Biographie 
Né à Kaboul en 1962, Atiq Rahimi est un romancier et réalisateur qui obtient l’asile culturel en France après avoir fui son pays en 1984. Scolarisé dans le lycée franco-afghan de Kaboul, et ensuite menacé par le nouveau régime à cause de ses opinions politiques, il est contraint de quitter l’Afghanistan. Arrivé à Paris, il poursuit ses études à la Sorbonne, obtient son doctorat en audiovisuel et se lance dans la réalisation de documentaires.
Il commence à écrire en 1996 lors de la prise de pouvoir des Talibans. Après la traduction de trois romans de l’afghan en français, Terre et Cendres (2000), Les Mille Maisons de rêve et de la terreur (2002) et Le retour imaginaire (2008), il publie Syngué Sabour, Pierre de patience (2008), son premier roman écrit en français et qui sera récompensé par le Prix Goncourt. Depuis, il réalise des longs métrages et continue à écrire. En 2020, parait L’invité du miroir, un « conte des nuits rwandaises », inspiré par son expérience de réalisateur au Rwanda où il tourne le film « Notre-Dame du Nil » adapté du roman éponyme de Scholastique Mukasonga.
Passionné de poésie persane, il partage le regard d’une poétesse du Moyen Âge, Mehstî, qu’il fait renaitre dans Mehstî, chair des mots (2023) au travers d’une conversation avec une fascinante figure féministe.
Morceaux choisis
Pourquoi j’ai choisi ce texte ? (PN - Août 2025)

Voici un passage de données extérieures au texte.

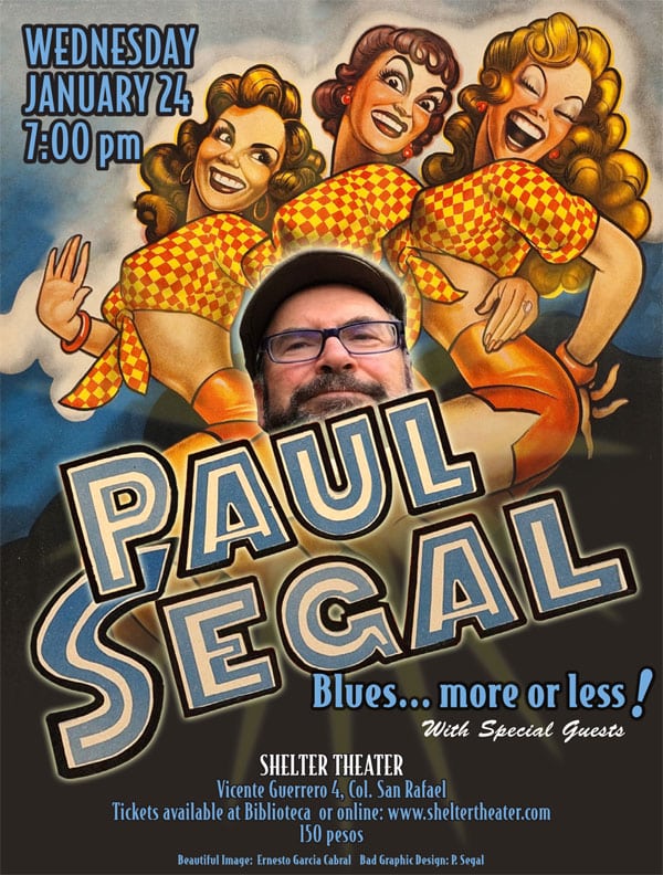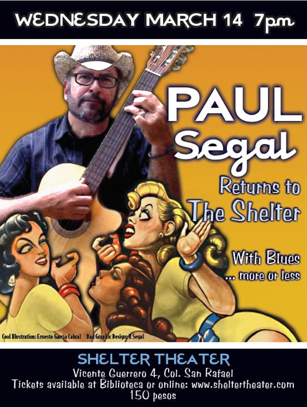 Paul Segal is a singer/guitarist musician who performs regularly in San Miguel as well as in France where he resides 6 months a year. He performs solo acoustic sets featuring music by Ray Charles, James Taylor, Sting, Stevie Wonder, etc. Paul also performs with his rock/pop/soul group, Bluesville.

C’est Notre-Dame du Nil, le poignant roman de Scholastique Mukasonga sur le génocide au Rwanda, qui m’a orientée vers L’Invité du miroir d’Atiq Rahimi, « un conte des nuits rwandaises ». C’est avec une poésie pleine de tendresse et de rage à la fois, que l’auteur nous livre les résonances tragiques des souffrances en miroir dues à des guerres sans merci, sans fin d’un continent à un autre, de son pays l’Afghanistan en écho au Rwanda. Comment dire la douleur des âmes meurtries ? Dans le silence ? Avec un « chant muet » ? Faut-il nommer l’horreur ? L’identifier « pour ne pas la revivre » ? En posant un autre regard sur les « cicatrices de l’Histoire », Atiq Rahimi s’interroge, observe. Il puise dans la sagesse africaine, dans le kinyarwanda pour exprimer l’innocence avec igisekeramwanzi « l’enfant qui sourit même à l’ennemi », pour raconter l’histoire jumelée de deux pays, essayer de comprendre leurs déboires et faire le deuil du passé. Car dit-il,
« Les survivants d’un génocide n’ont pas d’ombre.
Ils sont ombres.
Ombres errantes de leurs morts. »
Séduit et inspiré par la beauté du pays aux mille collines et la sagesse du peuple rwandais, il choisit le conte sous sa forme poétique pour transmettre ses émotions au bord du lac Kivu, le lac des secrets et de la mémoire, né apparemment des larmes d’un homme qui a tout perdu à son retour de la guerre.
Une invitation à traverser le miroir, à sonder sa mémoire, relire l’Histoire des peuples meurtris et partager l’espérance qui renait à l’aube d’un nouveau jour…
Sources
Atiq Rahimi, L’Invité du miroir, un conte des nuits rwandaises, © P.O.L. éditeur, 2020, 189 p.